June 2010, Weight Loss Journal
By Kristen Brooke Beck
Content Updated on
4 June 2010
Weight: 150 (lost 50 lbs. total since begining of journal)
BMI: 26.6
Clothing Size: 12
One year ago I was 174 lbs. Just by going for daily walks and trying to move frequently throughout the day by doing housework and parking far from business entrances, doing strength training while watching TV, and paying attention to what I ate, I got down to 155, but then I couldn't get any lower. Eventually, I started to lose motivation by the lack of progress of both my weight loss and my energy levels. I started finding excuses for not exercising. I started handling my stress by eating... again. And the weight started to creep back on. BUT this time I caught it before it became a problem. This time, I decided it was time to step things up to a new level.
Environment and social groups can have huge influences on your motivation, so I decided to surround myself by people who wanted to get fit and healthy in an environment where there was nothing to do but exercise. I decided to join a gym.
I went to every gym within a reasonable driving distance to find one that I would enjoy going to. It had to be clean, bright, open, and filled with a variety activities. The people had to be friendly, not just the employees but the patrons, too. The kids program had to be safe and fun. And the price had to be reasonable. I finally found one that met all of my requirements. I agonized over whether or not I should join. Why should I pay money to drive to a building to workout when I can workout at home? Why? Because I wasn't working out at home. I wasn't motivated anymore at home. I was too easily distracted at home. Sure, I could have used a park as my workout location, but I always used the weather as an excuse. I could have worked out with friends, but honestly, I didn't want to go to somebody else's house to exercise either. By joining a gym and paying that monthly fee, I just had to show up to exercise. I had to get my money's worth. And the moment I walk in the door, I'm energized and ready to go.
It has been 2 months since I've joined up. I've worked with a personal trainer (a complementary session) and learned a few new exercises to keep me interested when I get bored. I've loaded up my music player with lots of my favorite songs that I just can't help but want to sing and dance to, so it gets me moving, and I'm sure everyone else gets a laugh out of watching me lipsync to songs only I can hear. I've meet some nice people who talk to me frequently. My children love the kids program and look forward to going. And even my husband became inspired and joined up. But most importantly, I can feel myself getting healthier.
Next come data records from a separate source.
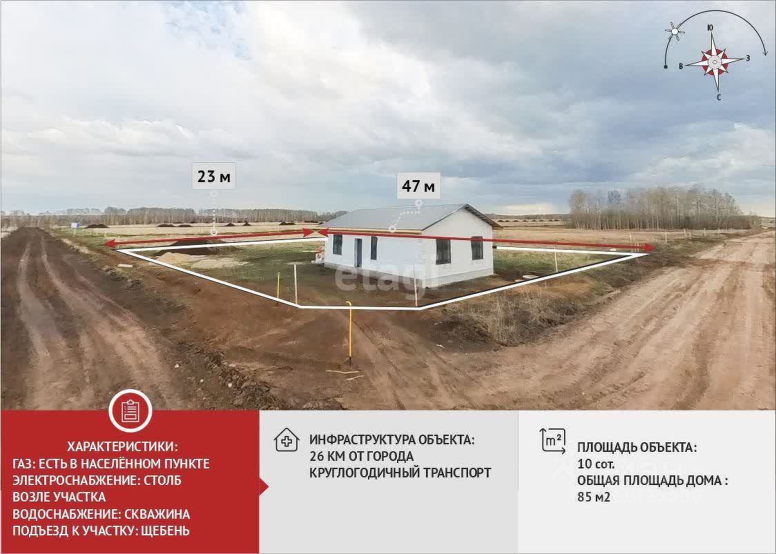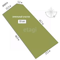 Дом расположен на земельном участке в 10 соток, и имеет удачное расположение за счет двух фасадов, что позволит зонировать ландшафт по своему усмотрению: возможно построить баню, обустроить мангальную зону, высадить прекрасный сад с плодовыми деревьями, сделать зону отдыха и посеять газон.
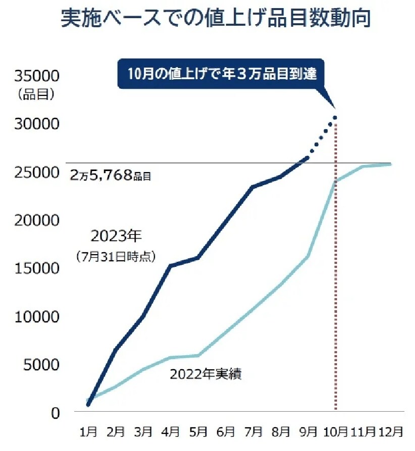 株式会社帝国データバンクの調査によると、2023年通年の値上げ品目数は累計で3万710品目となっており、2022年通年の2万5768品目をすでに上回った状態となっています(【図表2】参照)。
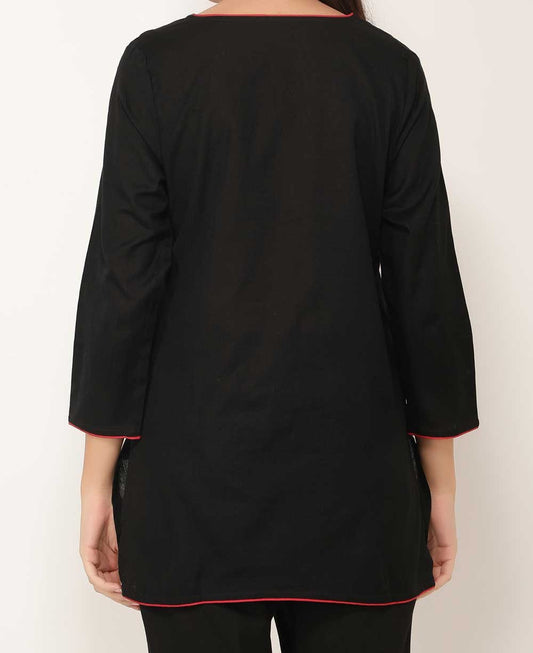 Root Chakra Black And Red Cotton Tunic Top
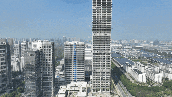 针对建筑造型特点,绿城·钱塘之门从项目施工成本、结构适用性、安全角度出发,选用液压爬模体系、附着式智能升降脚手架工艺,施工时通过提升,灵活调整单元式导轨挂座,解决了防护屏的角度变换、俯仰爬升、无支撑点爬升辅助以及跃层爬升等难题,实现立面轮廓超高层建筑的高空安全施工。同时超高层主体施工采用高强混凝土泵送技术及大体积混凝土分层浇筑工艺,通过全流程细节把控与工艺革新,实现施工效率提升30%、高空作业风险降低50%,系统性构建高效安全的建造体系。
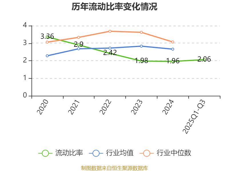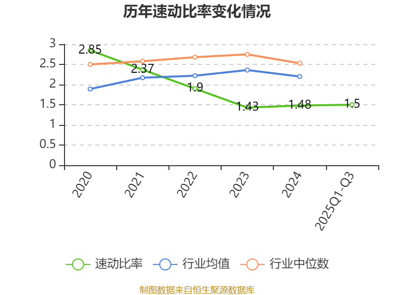2025年前三季度,公司流动比率为2.06,速动比率为1.5。
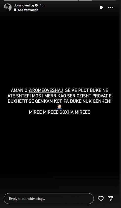 “Aman o Romeo Veshaj se ke plot bukë në atë shtëpi, mos i merr kaq seriozisht provat e buxhetit se qenkan kot. Pa bukë nuk qenkeni. Mirë mirë, goxha mirë”- ka shkruar Donaldi.
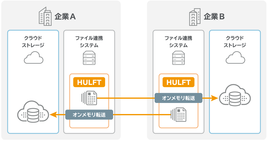 取引先からはHULFT転送を利用して、ファイルを受領。HULFTクラウドストレージオプションを利用することで中継サーバにはファイルを残さず、オンメモリ転送でのアップロードが可能です。
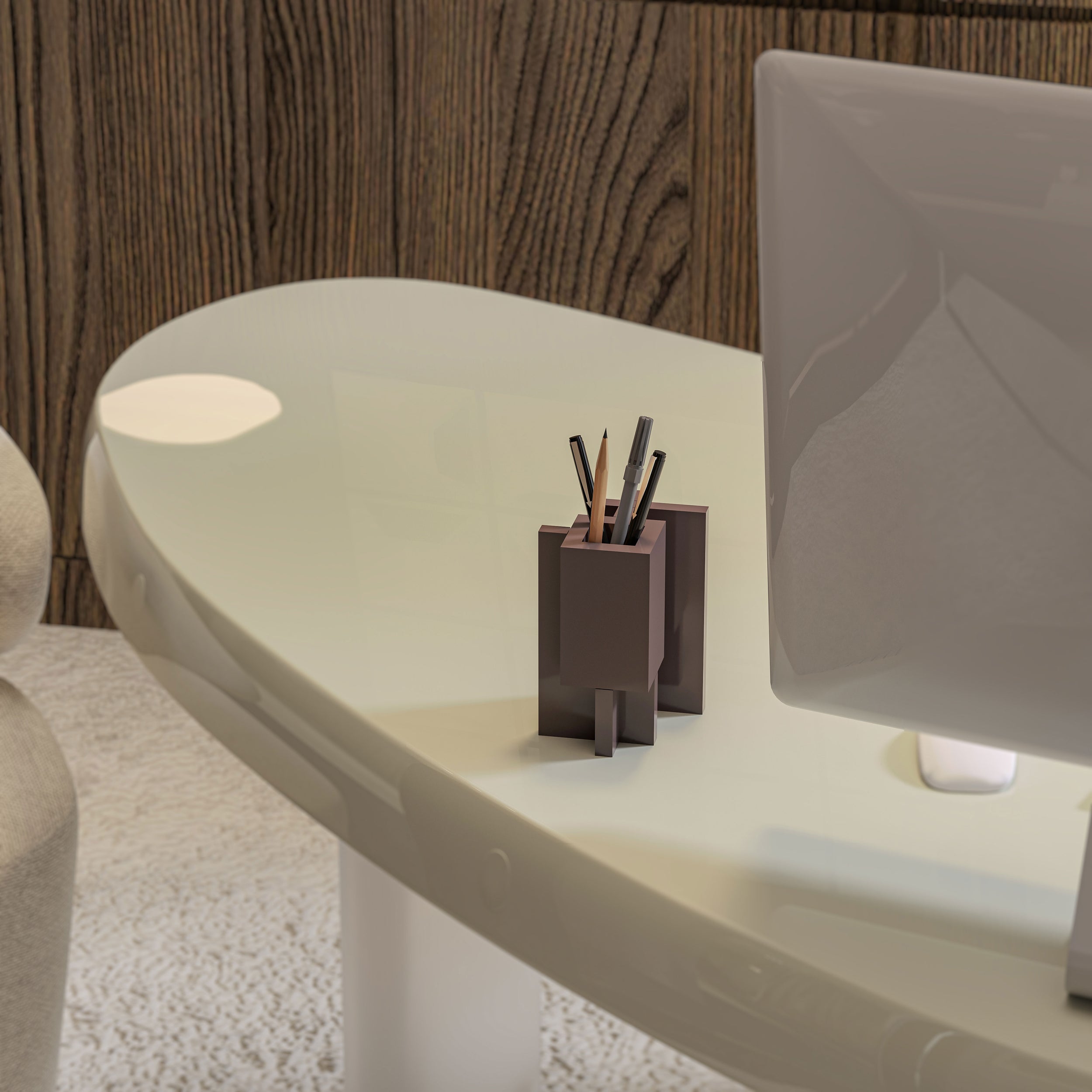 Nars Atelier’in yeni koleksiyonuna ait bu kalemlik, geometrik formu ve yalın çizgileriyle modern minimalizmi masaüstüne taşır. Düzenli ve şık yapısıyla çalışma alanlarına sofistike bir sadelik katar.
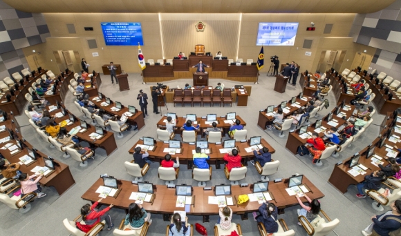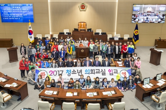 | 경상북도의회(의장 김응규)는 4월 4일(화), 도의회 본회의장에서 김천모암 초등학교 학생 77명을 대상으로 제9회 청소년 의회교실을 열었다.
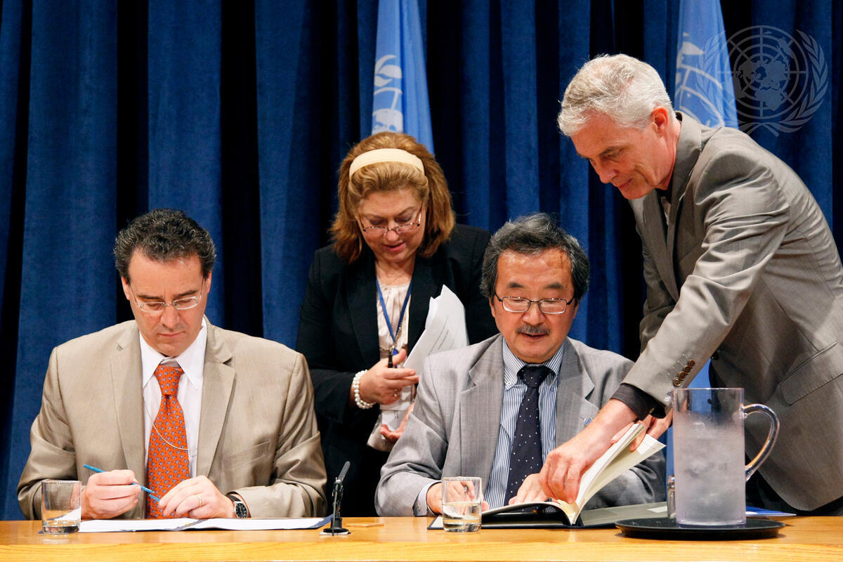 Kiyotaka Akasaka (seated right), Under-Secretary-General for Communications and Public Information, and Miguel Berger (seated left), Deputy Permanent Representative of Germany to the UN, sign a document sealing the partnership between the Department of Public Information and Germany in hosting the upcoming DPI/Non-Governmental Organizations (NGO) Conference in Bonn, Germany.
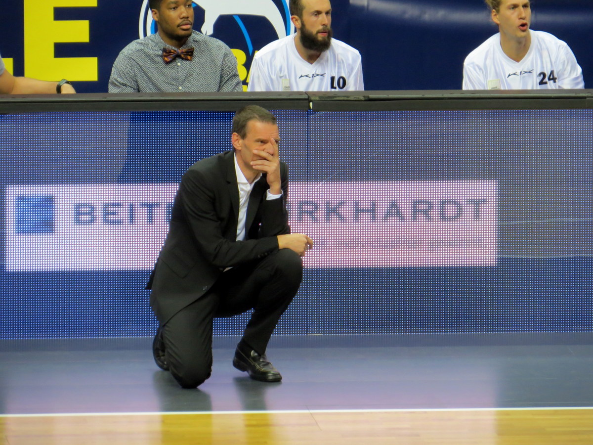 Bayreuth se fait piétiner en début de match, et l’entraîneur semble découragé. / Bayreuth are getting curbstomped in the first quarter, and their head coach doesn’t look impressed.
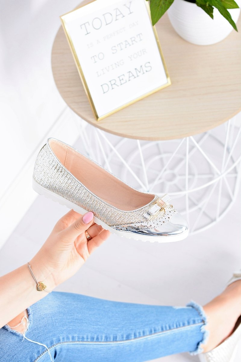 Opinie o Damskie Srebrne Wsuwane Balerinki Z Kokardką Cleoss
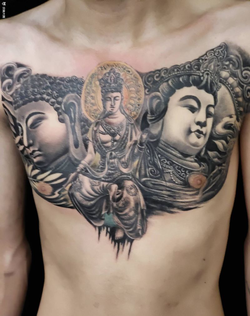 三面佛纹身图片_胸部新传统纹身图案
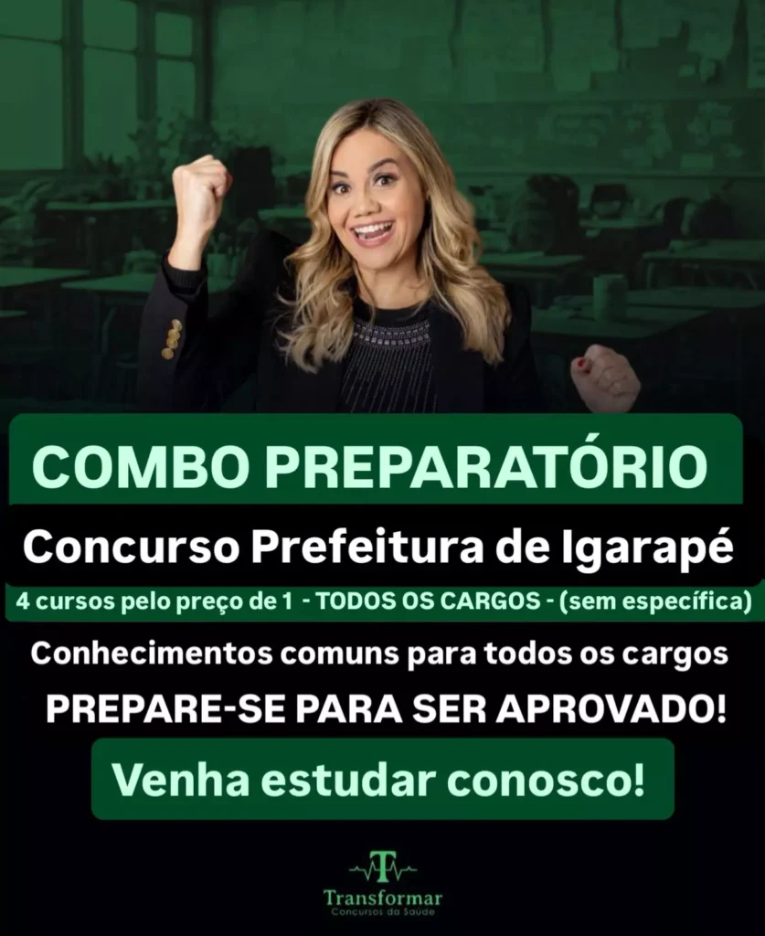 TODOS OS CARGOS (SEM ESPECÍFICA) – COMBO PREPARATÓRIO CONCURSO PREFEITURA DE IGARAPÉ – CONHECIMENTOS COMUNS – (curso teórico completo, curso de exercícios, semana de véspera e aulão de véspera)
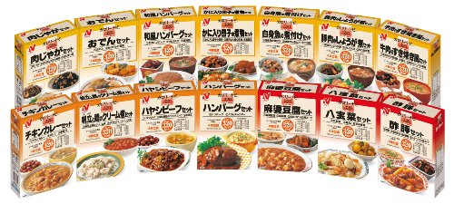 "Calorie Navi 14 Meals Set A" is a menu with 320 kcal per meal for which the nutritional value has been rigorously calculated. Recommended for your body and your beauty. You can enjoy authentic taste thanks to selected ingredients and chef's proficient skill. You only have to heat it up as it's Retort style. Try these delicious and healthy menus for your wellness. "Set item" is (Nikujyaga) meat and potatoes set, Southern boiled chicken set, Japanese-style Hamburg set, Cooked food set that contains dumpling with crab, Ginger-braised pork set, Beef sukiyaki-style set, Chicken curry set, A set of poached patinopecten yessoensis and chicken with cream, Hayashi beef set, Set of Hot & Sour soup, Chicken chili sauce boiled set, Chop suey set, Sweet & sour set, Pork and bamboo shoot ankake set
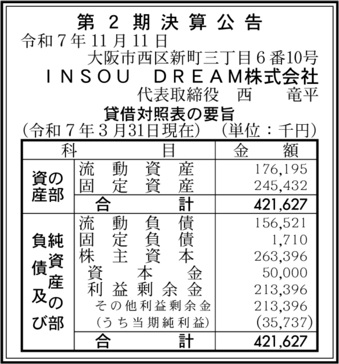 INSOU West株式会社 大阪市西区 【2025年3月期】 |
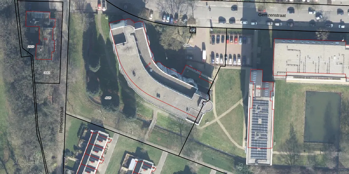 Het perceel waarop Gemzenstraat 45 staat heeft een oppervlakte van 5905 m². Dit is een zeer groot perceel. De perceeloppervlakte wordt geregistreerd door het Kadaster. Gedetailleerde informatie over de maten van dit perceel kunt u vinden in het rapport Kadastrale kaart met maatvoering van Gemzenstraat 45.
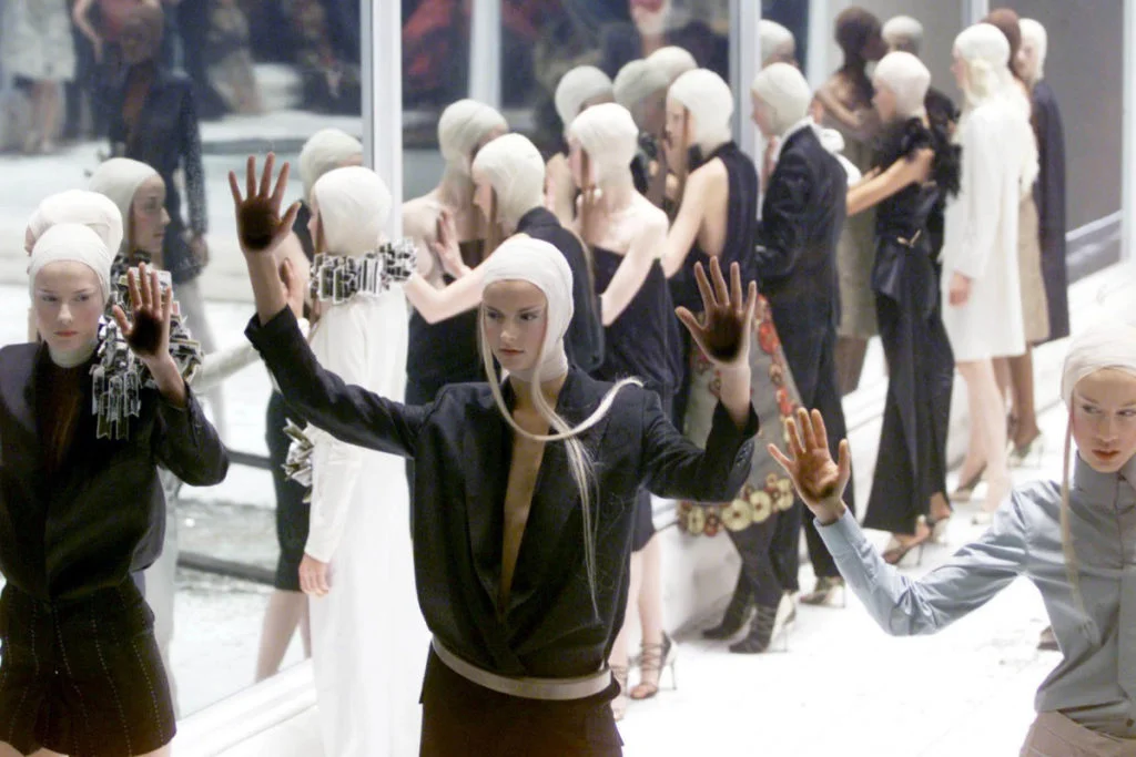 訂製服大師 Paul Poiret在一九一一年舉辦的《一千零二夜》變裝舞會,說來也是天馬行空,他的太太穿了一件金色鳥籠裝盛裝出席,極盡奢華,也要求參與者穿上最精美的衣服過來,最終催生了時裝展的誕生,這種絞盡腦汁的吸睛策略,又豈止是現今的產物?台灣Facebook及Instagram專頁「時尚編輯的真心話」背後的「時編」也認為,誇張的表達手法並非近年才出現的橋段:「我覺得有分等級的演化,早幾年是像Alexander McQueen的機器手臂向模特兒的裙子噴漆(SS1999)、《Voss》系列模特兒在空間中遊蕩(SS2001)、Kate Moss投影在半空中(FW2006)、Balenciaga的風雪天場景(FW2002)、泥漿水窪場景(SS2023)、Moschino的益智估價節目(FW2019)、戲劇性燒裙子(FW2019)、Gucci的手拎人頭(FW2018)、走秀途中突然停電(SS2020),甚至Chanel的場景變化也都是話題。不過這些秀上的特殊安排、效果,還是看得出來是在為秀和設計本身服務。要說近幾年Coperni、AVAVAV的這種模式和以往的差異,應該是動作更大,給人噱頭反客為主的感覺。」
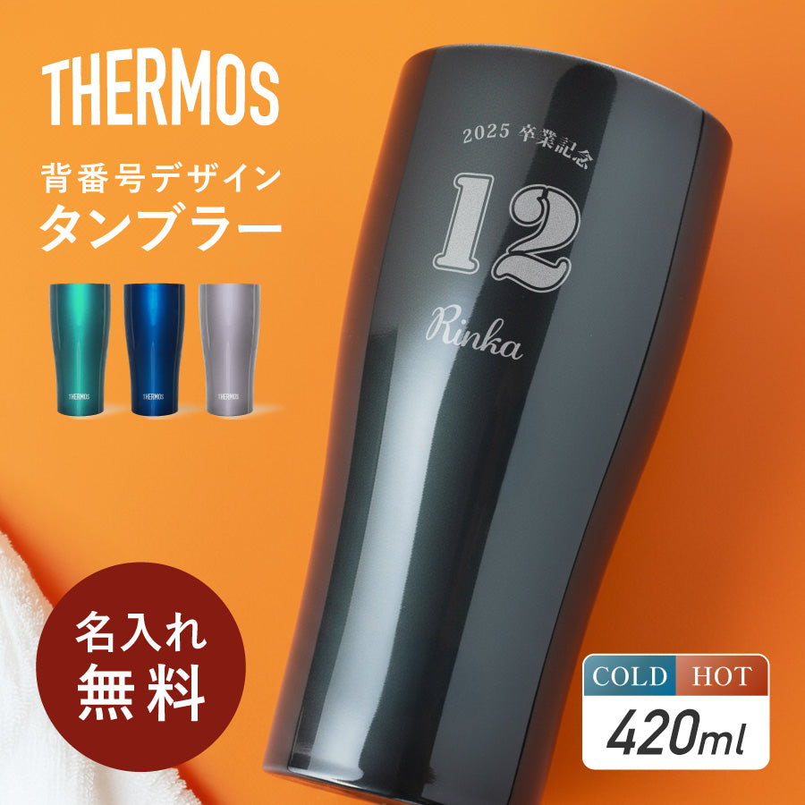 背番号 サーモス THERMOS 真空断熱 タンブラー 部活 名入れ 420ml 名前入り イニシャル カラー ステンレス 文字入れ コップ グラス 蓋 洗いやすい 食洗機対応
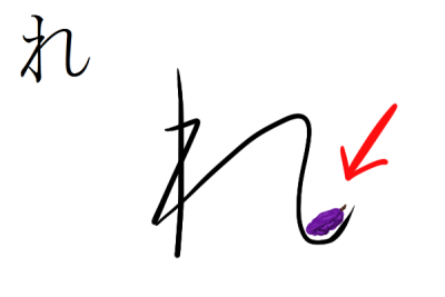 れ » ressemble beaucoup à ね « Ne », mais il possède un minuscule crochet à son extrémité. Ce crochet est si petit qu'on ne peut y accrocher qu'un RAIsin sec.

I can now run over 1 mile. I would like to go back in time to meet with the asthmatic girl I was when I was growing up, the girl who hated running because it hurt her lungs and often sent her to the emergency room, the girl who thought athletes were crazy for wanting to torture themselves, the girl who never played sports in any way that would count as a workout. The only exercise I did when I was growing up was low impact aerobics that barely made you sweat, slow hiking, and weight lifting, none of which came close to the cardiovascular fitness required to run. When I first started trying to lose weight, when I first started this journal, I could only run for 10 seconds. That's it! That's just barely across the street. And now I run over 1 mile every Monday and half a mile two other times during the week. My goal is to run a 5k then build my way up to a 10k.
My energy levels have skyrocketed. I can get so much stuff done now before I feel tired. I used to get exhausted right away, but now I have stamina. My mood has improved along with my cognitive abilities, since cardiovascular exercise also stimulates brain cell growth and helps optimize brain function.
By using the weight at the gym, bigger than the little dumbbells I have at home, I'm stronger now than I ever thought I could be. It's so nice to not need help to do simple tasks because you're too weak. My big strength training goals are to do 10 pushups (not modified), which I haven't done since my early years of college, and 1 pullup, something I could never do before.
I've also lost a clothing size. My size 14 clothes are now too baggy, and I can fit into those medium sizes I'd never fit into again.
My kids keep hugging me and saying "Wow! Mommy, I can put my arms all the way around you now." They keep telling me how happy they are to see me getting healthier. My husband keeps telling me how good I look. And yes, I get complements and flirtation from men, something that hasn't happened since my first two years in college, which is a nice ego boost.
For the first time in over 10 years, I finally feel attractive again. I finally feel like me.